Organizations need the automatic answers and insights that observability and security analytics provide to manage and overcome the complexity introduced by today’s business needs and complex multi-cloud-native environments.
Follow these core principles when building your Internal Developer Platform (IDP) to manage an application or service throughout its Software Development Lifecycle (SDLC).
1. Core platform observability
A critical first step in achieving actionable platform insights is ensuring monitoring of the artifact (service or application) as well as the full software development lifecycle and the underlying IDP:
- Artifact: How does my product behave in various environments (staging, testing, production)?
- Platform Toolstack: What is the health and utilization of the tools in use (e.g. BACK stack)?
Treating (critical) platform services like any other business-critical service allows for easy and effective incident triage, issue resolution, and improved developer experience.
Some aspects of core platform observability
- Ensuring resiliency, availability, and security by applying the same practices to all platform services
- Optimizing usage, performance, and licensing to positively impact the application lifecycle and reduce cost
- Detecting misconfiguration or misuse by discovering upcoming problems and issues, used to educate users.
2. Release information
Attaching the current version and stage information to services allows for easy triaging and resolution of issues.

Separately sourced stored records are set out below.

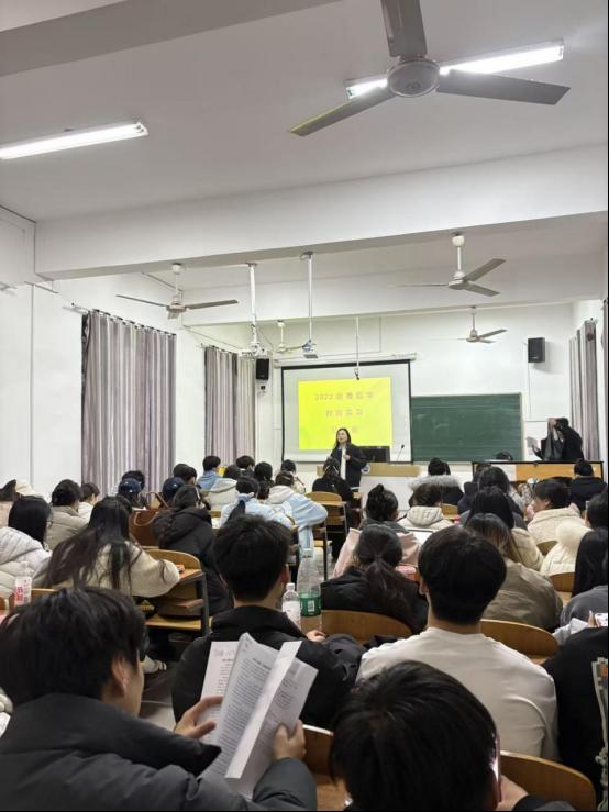 (通讯员陈贝尔)2025年12月8日下午5:30,长江大学艺术学院舞蹈系在Y307教室举办2022级舞蹈学教育实习分享会。分享会由张冬琦老师主持,特邀22级舞蹈学专业优秀实习生代表周煦晨、邓玉轩、蔡贤三位同学为23级全体学生分享教育实习的经历与经验。
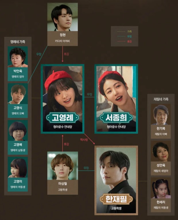 친구, 사랑, 가족, 경쟁 구도가 복합적으로 얽힌 청춘 드라마답게 관계도만 봐도 흥미진진한 구성이 특징입니다.
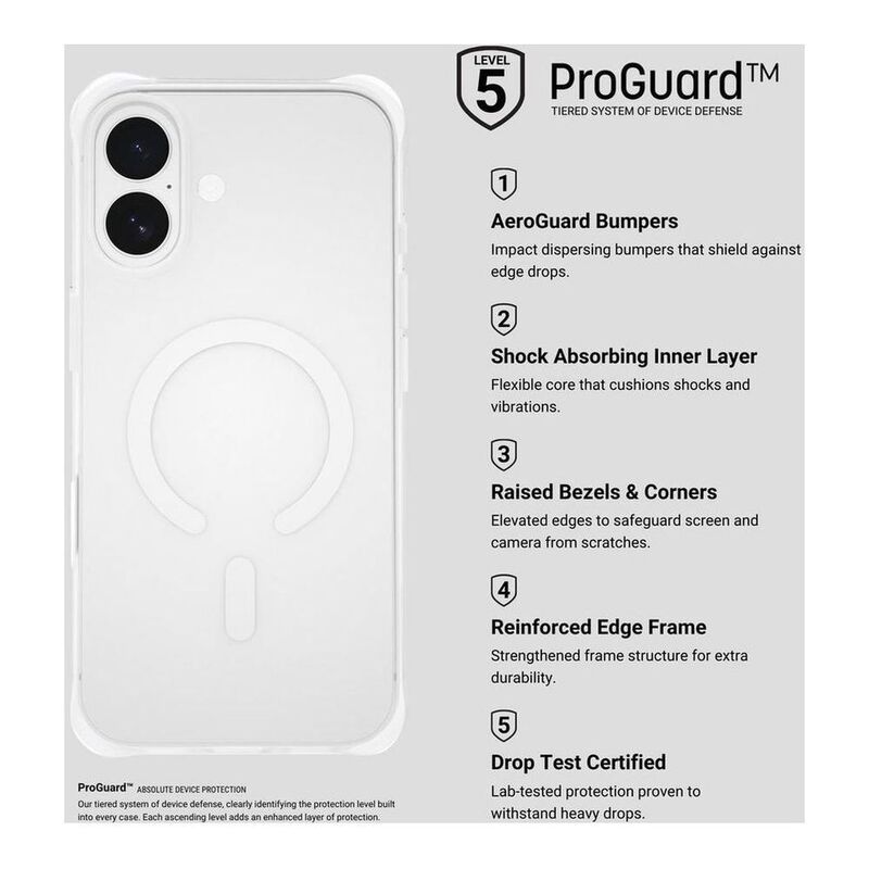 Clear hybrid design with dual PC plating for front and back reinforcement Integrated airbag bumpers at all corners to absorb and disperse impact Flexible TPU frame for easy installation and strong grip Slim profile with rugged protection — built for daily drops and shocks Compatible with MagSafe wireless charging and accessories UV-resistant and anti-yellowing coating preserves long-term clarity
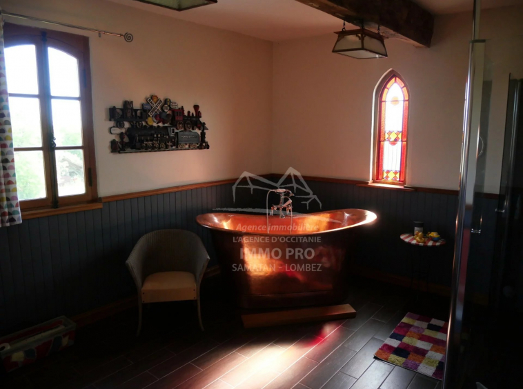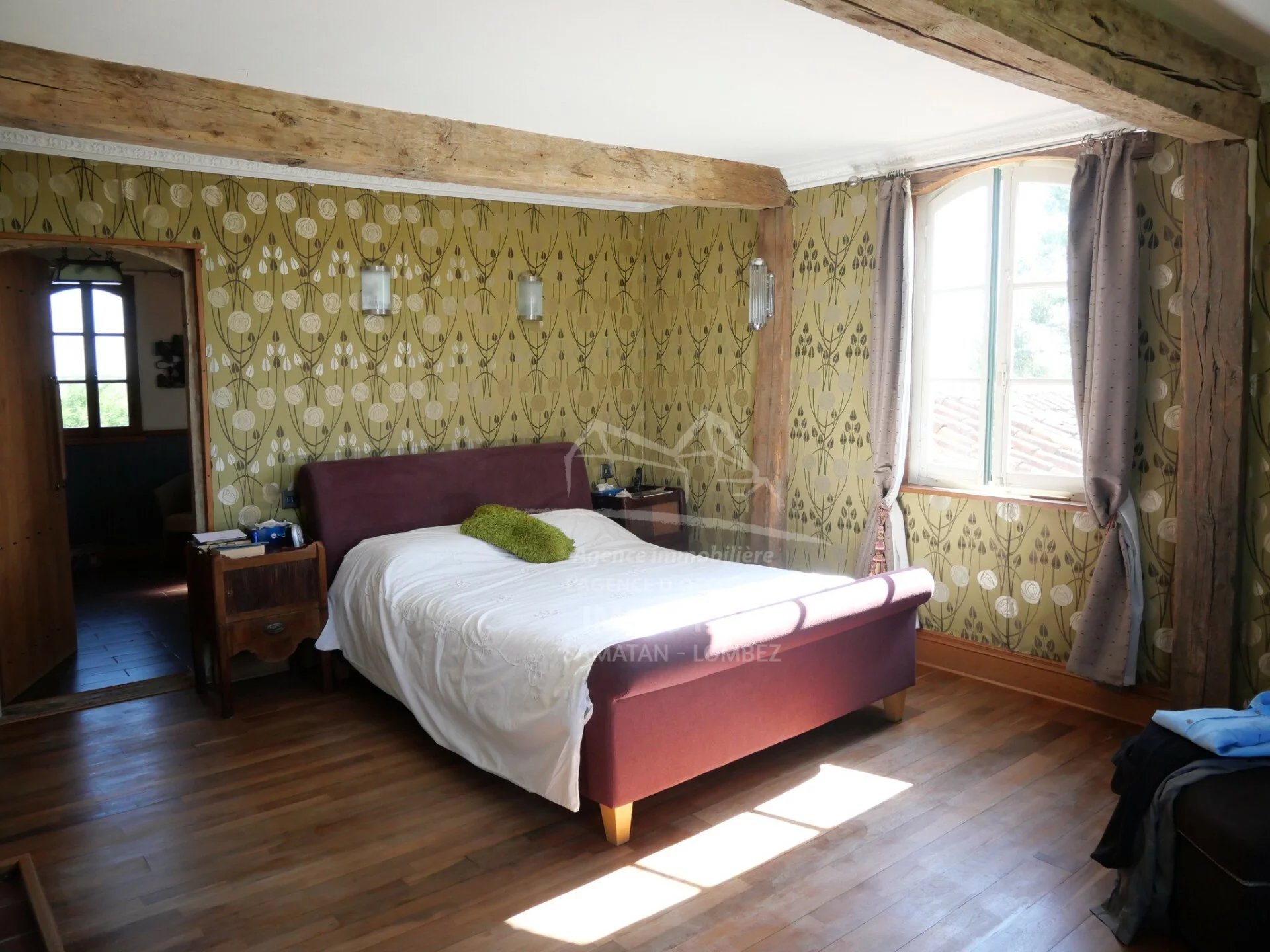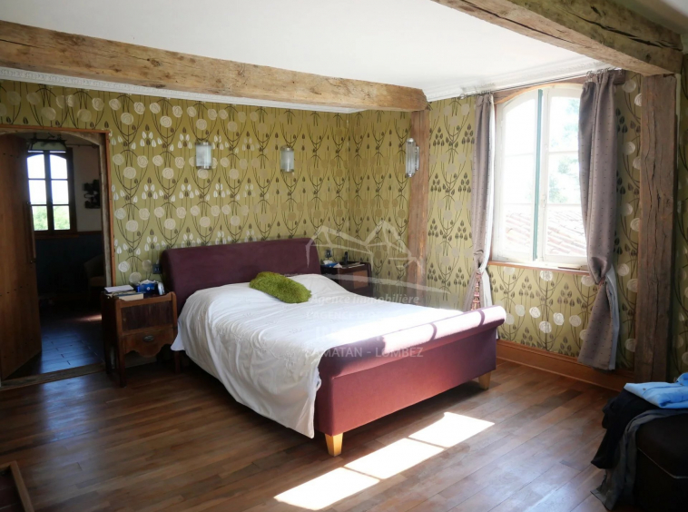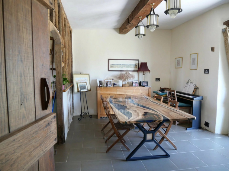 Au rez-de-chaussée : hall d’entrée, salon, cuisine équipée ouverte sur la salle à manger, cellier/buanderie et WC. A l’étage : Trois chambres dont une suite (chambre avec salle de bain) et une salle de bain avec WC. Les dépendances consistent en un grand atelier (75m²) ainsi qu’un grand hangar avec une SUBLIME CHARPENTE de près de 200m².

This can be done by promoting the version and stage information to Kubernetes containers as environment variables or annotations.
3. Pipeline efficiency
While the platform tool stack monitoring outlined in the previous paragraph covers the health of the IDP, it does not yet cover the efficiency of the pipeline. This is where logs, events, and telemetry data from pipeline or workflow executions come in.
By analyzing pipeline or workflow logs, events, and traces, it’s possible to create metrics (for example, DORA metrics) that can be used for benchmarking and deciding where to invest time or resources for improvement.
Most used tools in a cloud-native environment already emit events or telemetry data, but this area currently lacks dedicated standards and semantic conventions.
4. Ownership information
When looking at artifacts, responsibility is a critical piece of information. Who is responsible for an application or service in production, and who owns security?
This was often maintained in CMDBs, Excel sheets, or active directories. However, it's wise to manage this information proactively and automatically in cloud-native environments with constant updates and changes.
One way to do this is through Kubernetes labels and annotations, ensuring out-of-the-box availability of this critical information across the lifecycle.
5. AI Observability
With the rise of generative AI in DevOps Portals and IDP tools, providing observability for these systems is growing to efficiently drive the experience they provide while keeping costs in check.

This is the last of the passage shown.